To verify if SARS-CoV-2 could in some way interfere with the ADAR he of host dsRNAs, we systematically traced he events on both the mouse and human genomes. In mouse, ADAR he impacted preferentially non-coding genes, although the detected he levels were not influenced by SARS-CoV-2 infection for either protein coding genes or non-coding elements (S. Figure 1A). Although ADAR expression levels were low (<3 TPMs) and mildly downregulated in the knock-out mice, we observed a reduced he, in agreement to the reduced expression of interferon-related genes, which also include ADAR (S. Figure 1A). The efficiency of he was similar between SARS-CoV-2 and mouse RNAs in the genetic knock-out background (Figure 1B). Concerning the human datasets, the host reads have been unfortunately removed from most of the datasets displaying SARS-CoV-2 he.
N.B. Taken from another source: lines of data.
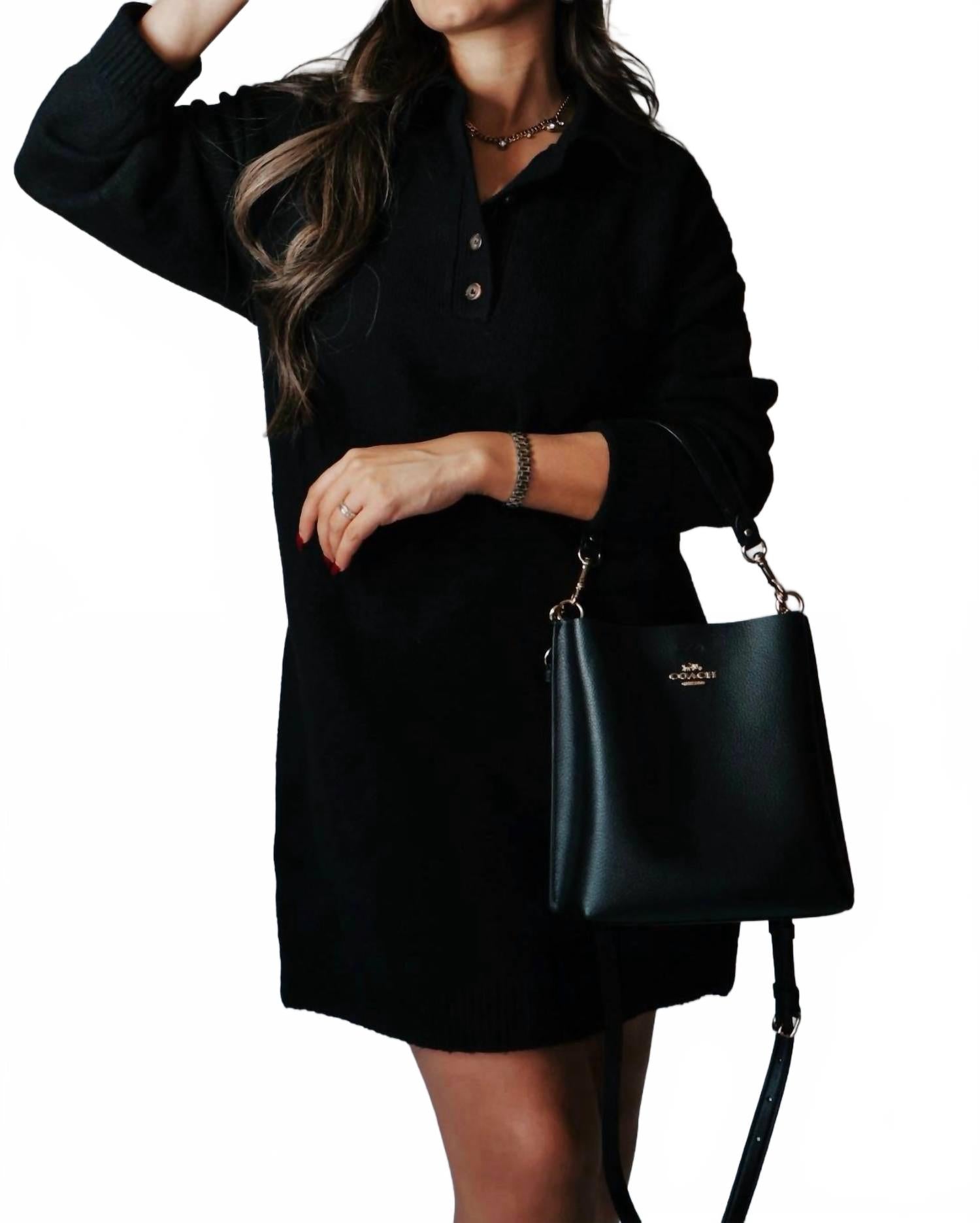 Свободное и элегантное платье, которое вы будете носить круглый год. Встречайте минималистичное платье-свитер Blu Pepper - незаменимая вещь в вашем весеннем гардеробе. Это женское мини-платье однотонного черного цвета с длинными рукавами и характерным воротником в сочетании со свободным рубашечным силуэтом. Застежка на пуговицы добавляет функциональности и модного штриха, а длина 34 дюйма делает его универсальным для путешествий и повседневных дел. Платье легко стирать в стиральной машине, чтобы сохранить его первоначальный вид. Рост модели - 165 см, размер S.
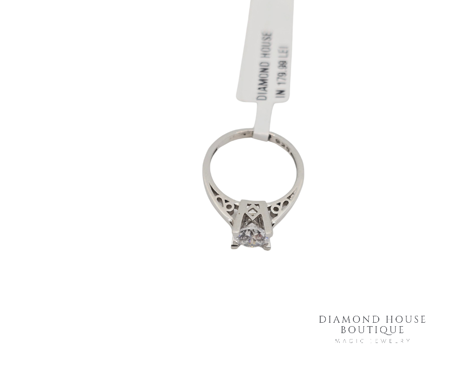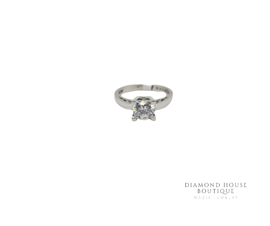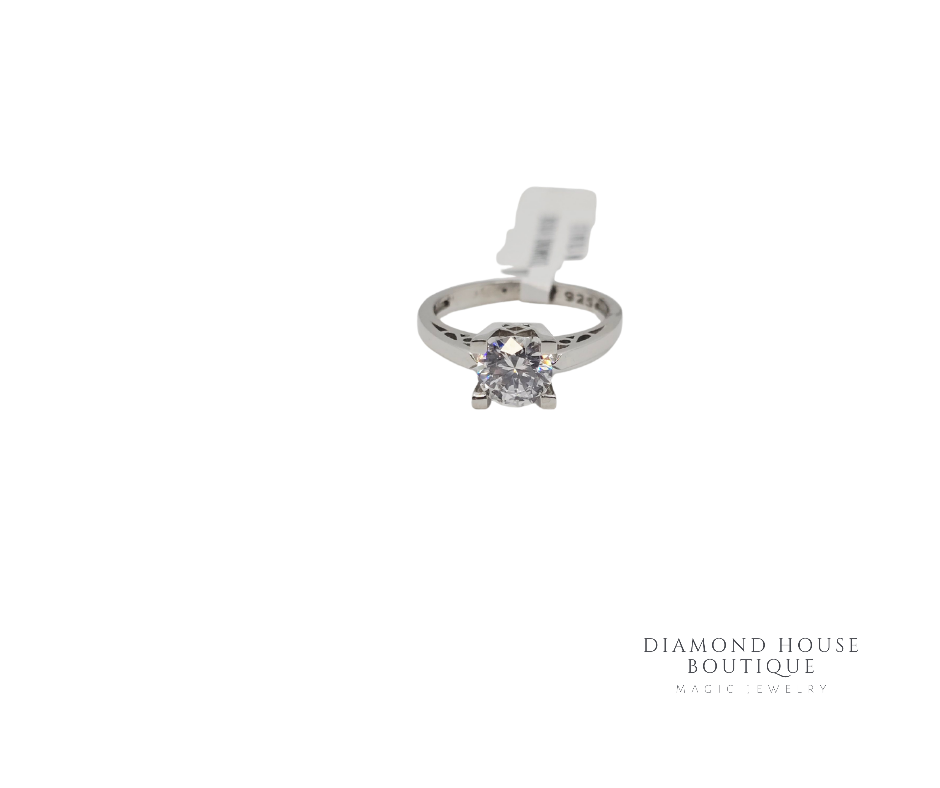 Inel din argint rodiat cu design clasic de tip solitar, pus în valoare de o piatră centrală din zirconiu alb cu strălucire intensă.
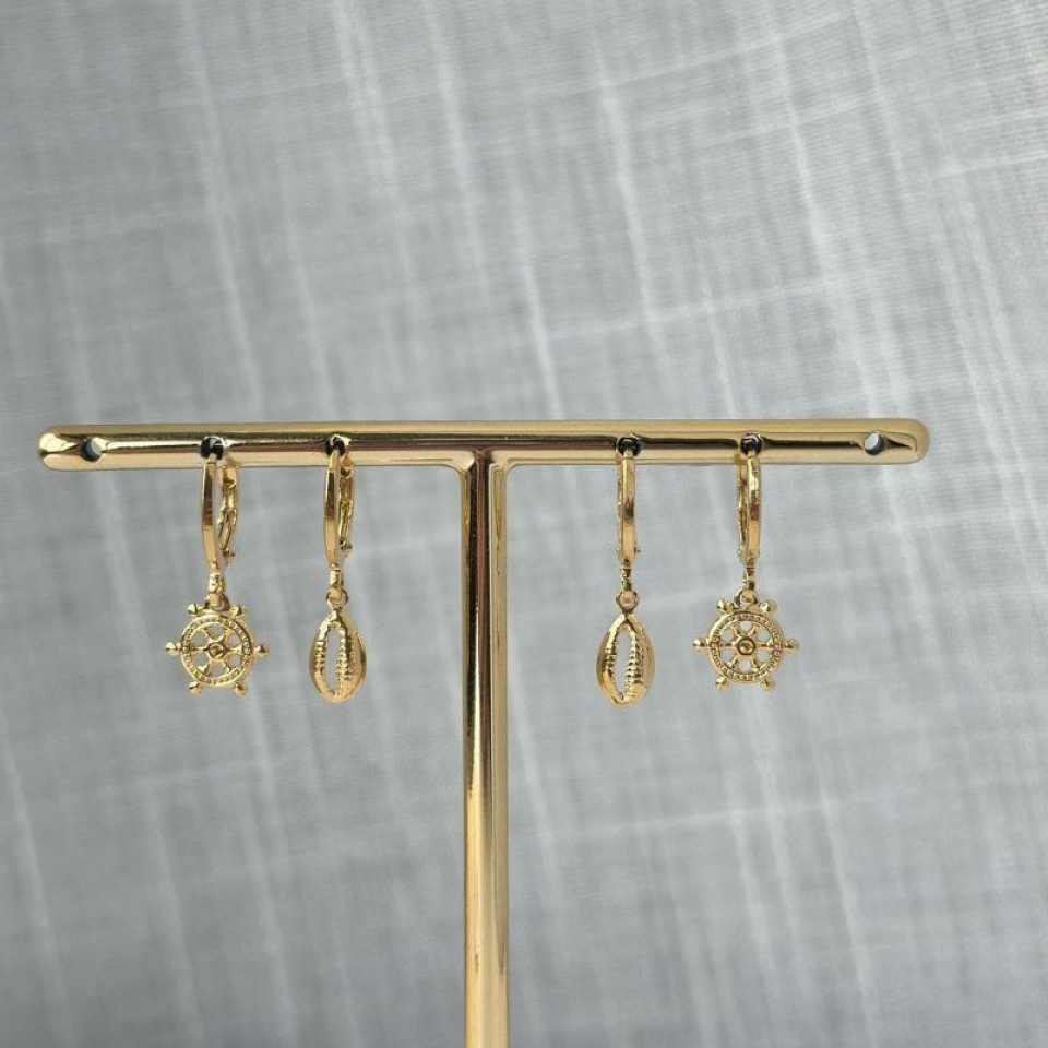Conjunto de Brinco Coração com Ponto de Lu...
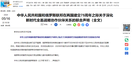 據新華社等報道(dào),5月16日,國家(jiā)主席習近平在北京人(rén)民大(dà)會(huì)堂同來(lái)華進行(xíng)國事訪問的俄羅斯總統普京舉行(xíng)會(huì)談。會(huì)談後,兩國元首共同簽署并發表《中華人(rén)民共和(hé)國和(hé)俄羅斯聯邦在兩國建交75周年之際關于深化新時(shí)代全面戰略協作(zuò)夥伴關系的聯合聲明(míng)》(簡稱聯合聲明(míng))。
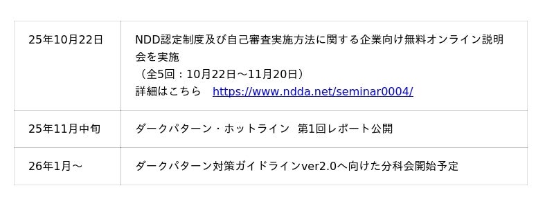 一般社団法人ダークパターン対策協会(所在地:東京都千代田区、代表理事:小川 晋平、以下「当協会」)は、2025年10月15日(水)、ダークパターン被害の軽減と誠実なWebデザインの普及を目的に、「NDD(Non-Deceptive Design)認定制度」の正式運用を開始いたしました。また、ダークパターンを使用しているWebサイトを通報できる「ダークパターン・ホットライン」の進捗状況をあわせて発表するとともに、ダークパターンの理解促進と被害防止を目的に、学生(小中高生)を対象としたダークパターン啓発動画を公開しました。本取り組みを通じて、すべての消費者が安心してデジタルサービスを利用できる社会の実現を目指します。

In 7 accessible human samples, we could show a higher he efficiency on host RNAs than on SARS-CoV-2, with an average of 5 edited bases per cluster compared to 3.5 (Figure 1B).
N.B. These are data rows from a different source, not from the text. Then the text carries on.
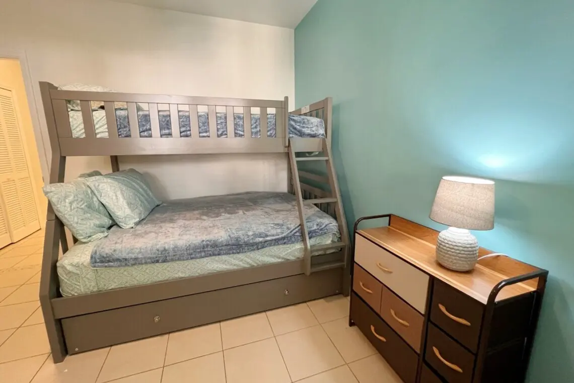 Separated from the principal bedroom, the other 2 bedrooms are accessed down a hallway from the kitchen. The floorplan gives guests peace and privacy with ample space between sleeping quarters. The first bedroom has a king bed and the second has a bunk bed with a double on the bottom and a single on the top. These bedrooms share a 3-piece bathroom with a large shower.
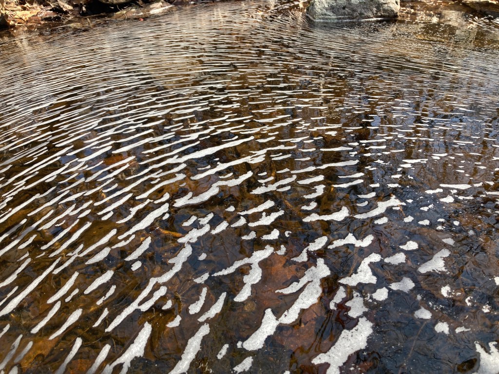 With a belly still full of van food, I hiked beyond my normal lunch time through the warm forest. I had it to myself now, and I hopped and skipped fast across the ever present rocks. These were slightly different from the rocks of Pennsylvania, a little bit friendlier. The corners were rounded, and often the entire trail surface was a smooth slab of stone, which made for easy skipping. This embedded granite also intrigued me, showing evidence of glaciation, with patches polished smooth by ice and grit. I’d learned about the phenomenon as a wee lad in Yosemite, and it was cool to see it here too.
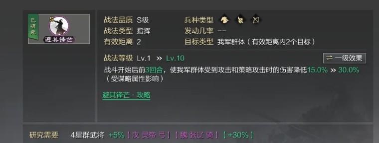避其锋芒也是一个相当强力的战法,通常用作肉队的首选减伤战法,注意和张机冲突,不过这里小笔推荐大家第二个灵帝在拆,一二赛季灵帝作为输出还是不错的。

To further investigate the possible implications of ADAR he during SARS-CoV-2 infection in humans, we analyzed post-mortem RNA-seq data from patients differing in the SARS-CoV-2 infection level (N=57)26, demonstrating that he of host dsRNAs was not influenced by SARS-CoV-2 infection (S. Figure 1B). In the same human samples, like in the mouse samples, the ADAR expression ranged from mid to low levels (<20 TPM) and was only mildly modulated by SARS-CoV-2 (fold change=1.8).
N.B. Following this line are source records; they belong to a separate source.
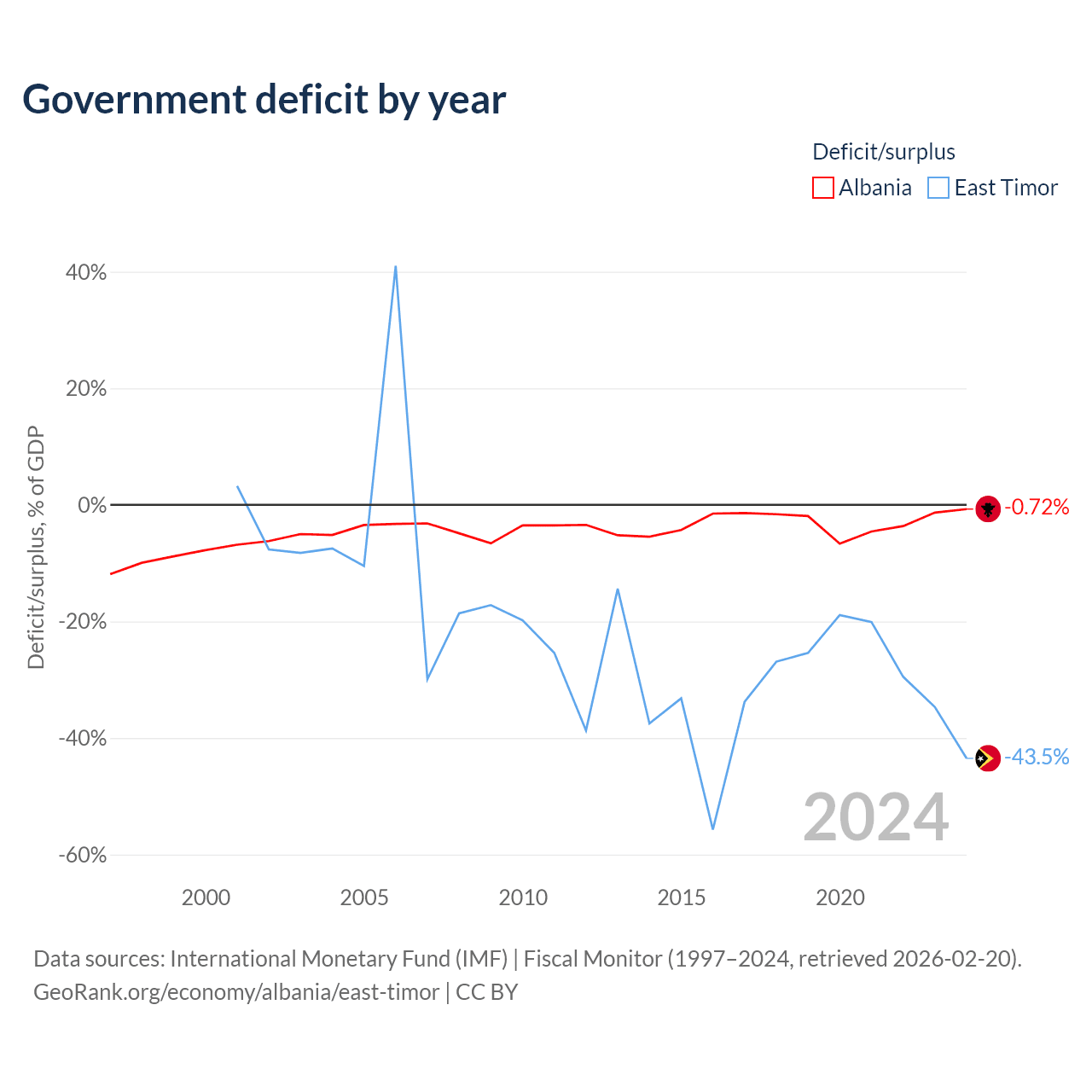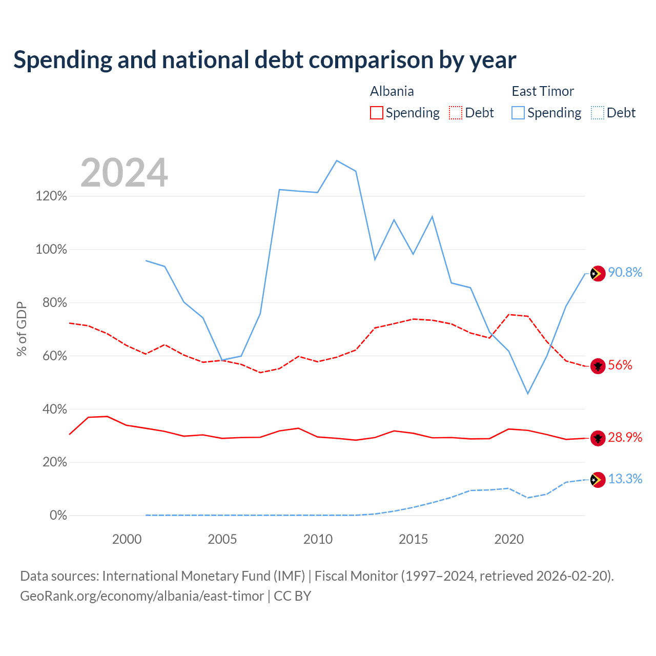 Albania has $15.2B in government debt (56% of GDP), compared to $249M (13.3% of GDP) in East Timor.
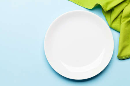 Empty plate and towel on blue background. Top view flat lay with copy space. Template or mockup for your meals
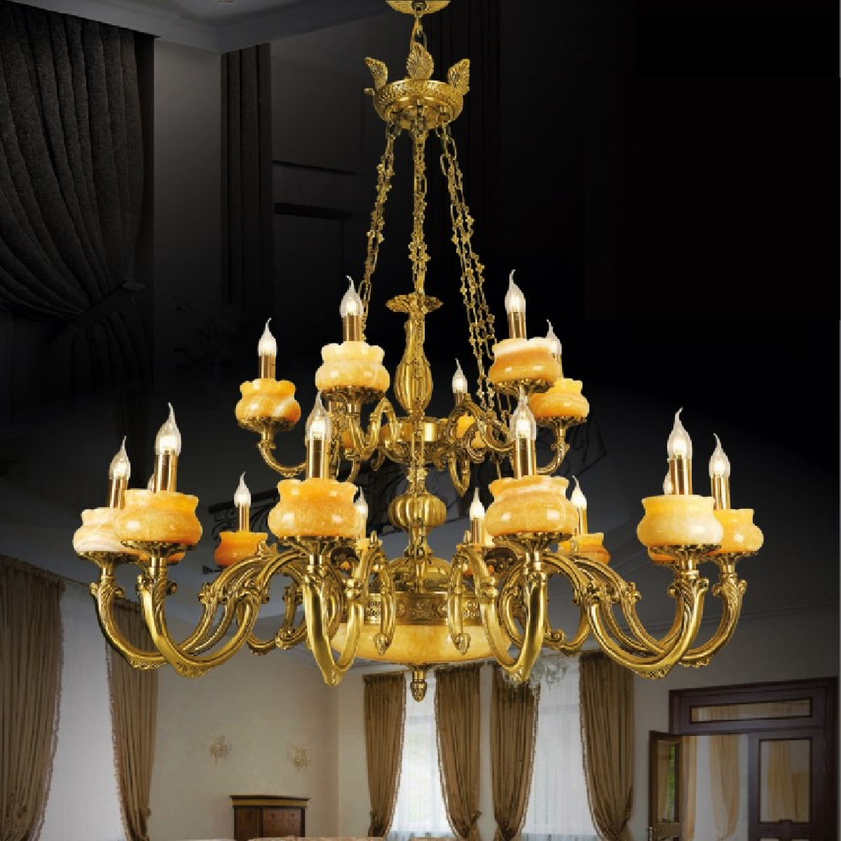 • Sản phẩm: S - CĐ 2024/12+6: Chùm đồng 18 tay, chao đá thiên nhiên - KT: Ø1200mm x H1250mm - Bóng đèn chân E14 x 18 bóng

Given these results we hypothesized that the SARS-CoV-2 genome sequence could confer resistance to ADAR he and therefore we investigated the dinucleotide composition of the ORFs belonging to 70 coronaviruses, demonstrating a significant under-representation of the ‘WA’ (W=A/T), ‘TC’ and ‘CG’ motifs (S. Figure 2). While the ‘CG’ motif is known to be under-represented in coronaviruses, in agreement with the effect of the zinc finger antiviral protein (ZAP) and the low-CpG frequency characterizing vertebrate hosts27, the ‘WA’ and ‘TC’ motifs are preferential targets for ADAR and APOBEC3 enzymes, respectively28,29. No significant differences in the inter- and intra-genus under-representation were detectable for ‘WA’ and ‘TC’, except between alpha and delta-coronaviruses at ‘WA’ (p-value 0.0032, Figure 2, S. Table 2), with WA under-representation in ORFs 1ab and S being detected in 96% and 81% of the tested coronavirus genomes, respectively. The second metric that we considered was “the replacement transition fraction”, or repTrFrac, which determines a significantly high mutation susceptibility leading to non-synonymous polymorphism (nsSNPs) in an ORF. Applying this metric, we showed that repTrFrac in ‘WA’ was significantly higher than in TC for most of the coronavirus genomes (‘WA’: 78.8 ± 18%; ‘TC’: 31 ± 34.6%, p-value 2.79 e-11, Figure 2).
Among beta-coronaviruses, SARS-CoV-2 locates in the upper part of the distribution for ‘WA’ motifs, because of a significant WA under-representation in the ORFs covering 95% of the genome (ORF1ab, S, ORF3a, M, ORF6, ORF7a, N), whereas SARS-CoV-2 is in the lower part of the distribution for ‘TC’ motifs (ORF1ab and S, Figure 2). We also showed that most of the non-structural proteins encoded in the Orf1ab displayed ‘WA’ under-representation, except for nsp7, nsp9-12 and nsp16 (Figure 1D).